:: INPUT ::
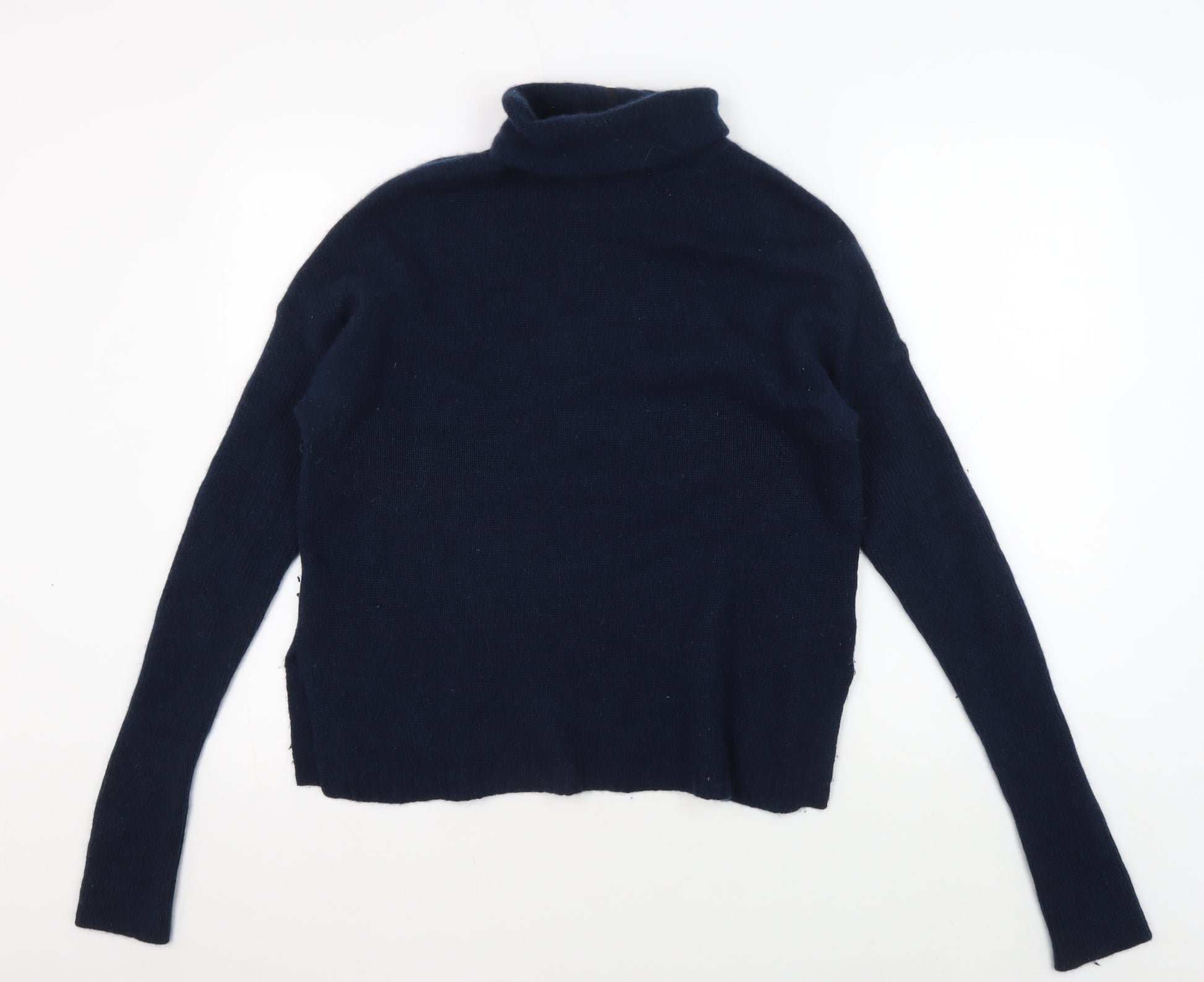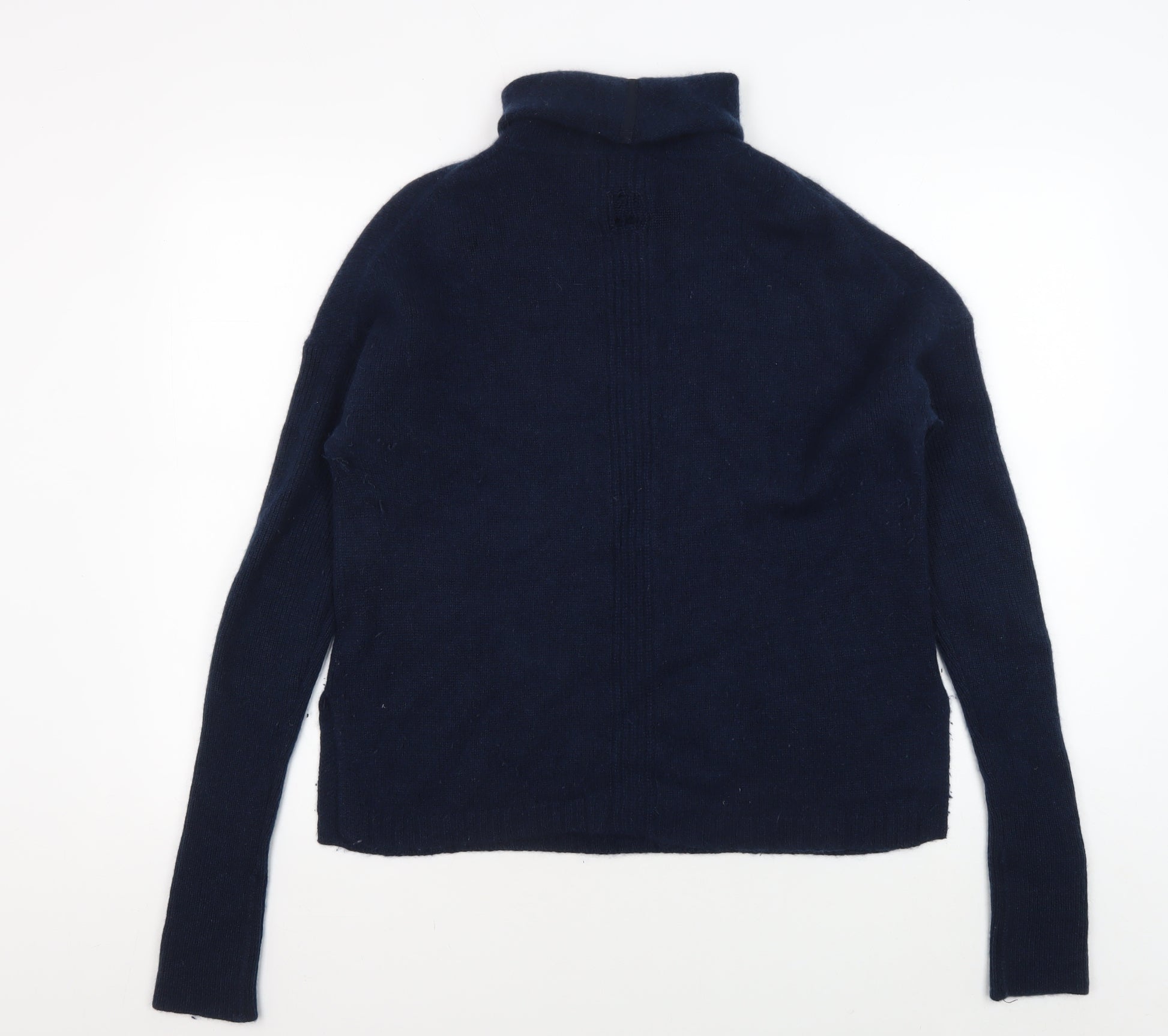 Elevate your wardrobe with this luxurious Jigsaw roll neck jumper, crafted from 100% cashmere. Designed for women, the jumper is a sophisticated deep blue, perfect for adding a touch of elegance to your autumn and winter outfits. The roll neck provides warmth and style, complementing the long sleeves to keep you cosy during the colder months. This jumper, made from high-quality cashmere, ensures a soft touch against your skin while maintaining its classic appeal. The simple yet versatile design allows for various styling options, making it a staple piece for any cold-weather occasion. Despite a small hole present, this jumper holds its charm and offers a unique opportunity to own a piece from Jigsaw, a brand renowned for its premium materials. Pair it with your favourite trousers or a chic skirt for a smart-casual look. Grab this opportunity to add a classic blue roll neck jumper to your collection.
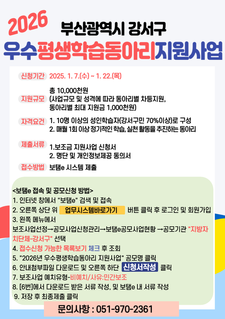 2026년 우수 평생학습동아리 지원사업 공고 안내
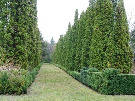 Мы с восхищением смотрели на хорошо продуманные, красивые парковые композиции, аккуратно подстриженные живые изгороди из самшита и туи, топиарные формы из них. Удивлялись как такие экзотические виды деревьев и кустарников могли попасть в этот сельский парк в глубинке.
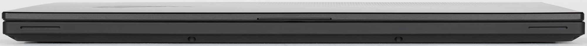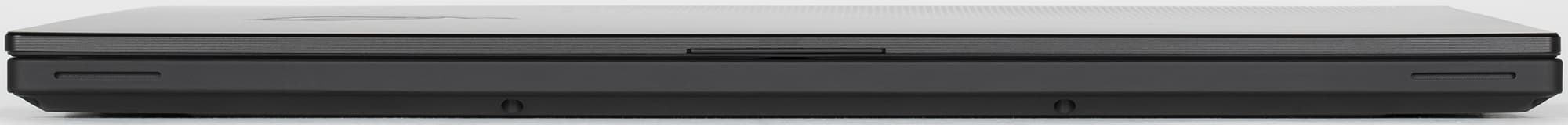 На днище корпуса можно увидеть вентиляционные отверстия, расположенные в основном у кулеров, и площадь их невелика. Однако, как мы уже сказали, при работе холодный воздух можно забирать и из-под приподнятой клавиатуры. Также у переднего края корпуса на днище выведены отверстия двух основных динамиков (всего их у ноутбука шесть).
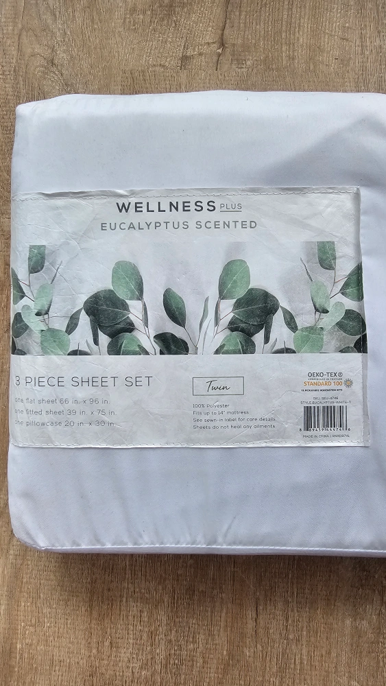 A new, unopened, 3-piece sheet set. Includes a flat sheet, fitted sheet, and a pillowcase. The sheets are eucalyptus scented. These sheets can help you create a space for peaceful rest and relaxation.
:::
WHAT YOU SHOULD DO -
Which lines run from the one containing "Мы с восхищением" to the end of the entries above? Write them out exactly, leaving out every picture.

WRITTEN ANSWER -
 Мы с восхищением смотрели на хорошо продуманные, красивые парковые композиции, аккуратно подстриженные живые изгороди из самшита и туи, топиарные формы из них. Удивлялись как такие экзотические виды деревьев и кустарников могли попасть в этот сельский парк в глубинке.
 На днище корпуса можно увидеть вентиляционные отверстия, расположенные в основном у кулеров, и площадь их невелика. Однако, как мы уже сказали, при работе холодный воздух можно забирать и из-под приподнятой клавиатуры. Также у переднего края корпуса на днище выведены отверстия двух основных динамиков (всего их у ноутбука шесть).
 A new, unopened, 3-piece sheet set. Includes a flat sheet, fitted sheet, and a pillowcase. The sheets are eucalyptus scented. These sheets can help you create a space for peaceful rest and relaxation.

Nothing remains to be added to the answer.